Planning a usable website: A three-step guide
(Page 1 of 4 )
A website is like an information flow, with you as the provider and your site visitors as the receivers of the information. If you don't plan your website with this in mind right from the start, you could find yourself with a brand new website that solves all your immediate needs... but not those of your site visitors.
Clicking away from your website has never been easier for Internet users. There are about 35 million websites competing with yours on the Internet (source: http://www.zooknic.com/Domains/counts.html). Search engine results are becoming better and better and Internet connection speeds faster and faster - finding one of your competitors' websites is now very quick and very easy.
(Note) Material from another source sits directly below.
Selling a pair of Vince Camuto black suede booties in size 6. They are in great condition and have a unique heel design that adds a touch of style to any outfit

1. Work out your site visitors' immediate needs
Your website has to provide information that fulfills the immediate needs of your site visitors. This is the fundamental principle behind usable website design, so let's repeat it one more time: Your website has to provide information that fulfills the immediate needs of your site visitors.
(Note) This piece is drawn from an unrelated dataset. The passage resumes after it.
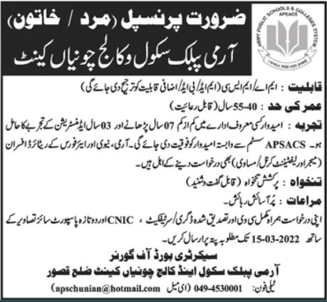 Vacant posts including principal are announced in Army Public School & College Chunian, chunian Punjab Pakistan as per 13 March 2022 advertisement in daily Jang Newspaper. Educational qualifications required M.sc, M.ed, MA and B.ed etc.

OK, now we've got that straight, we come up against a problem: Your goals for the website are probably different to the immediate needs of your site visitors. Oh dear.
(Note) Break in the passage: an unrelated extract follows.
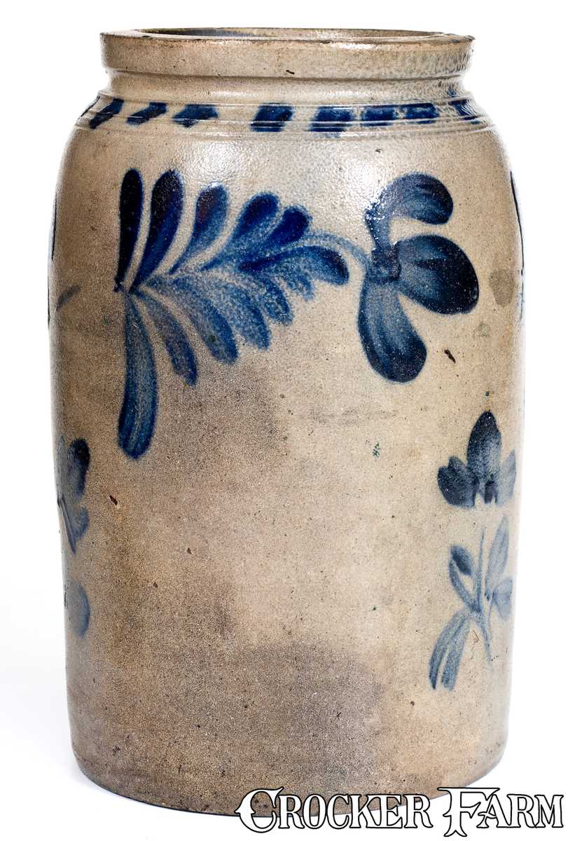 Unusual Remmey Stoneware Jar w/ Floral Decoration, Philadelphia, PA
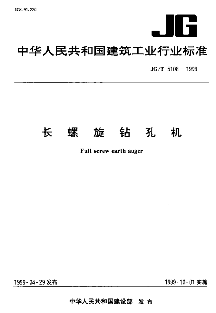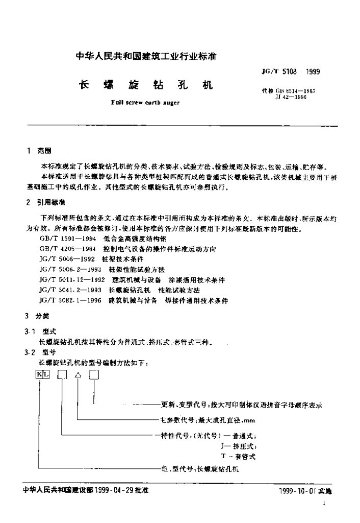 JG/T 5108-1999 长螺旋钻孔机

Let's illustrate this problem, and its solution, with the example of a web design company's website. Their immediate goal is to get visitors to contact them and ultimately commission them to do some web development work. Their site visitors are probably interested in getting web development work done (if not, why are they on this website?), but it's unlikely that this is their immediate need when they arrive at the website.
The immediate needs of the site visitors' are probably to answer questions like:
Can I trust them?
Are they any good at what they do?
Will they get the job done?
Before the website begins to sell to its site visitors, it has to answer their questions and put their fears to rest. This is fundamentally important, so one more time: Before the website begins to sell to its site visitors, it has to answer their questions and put their fears to rest.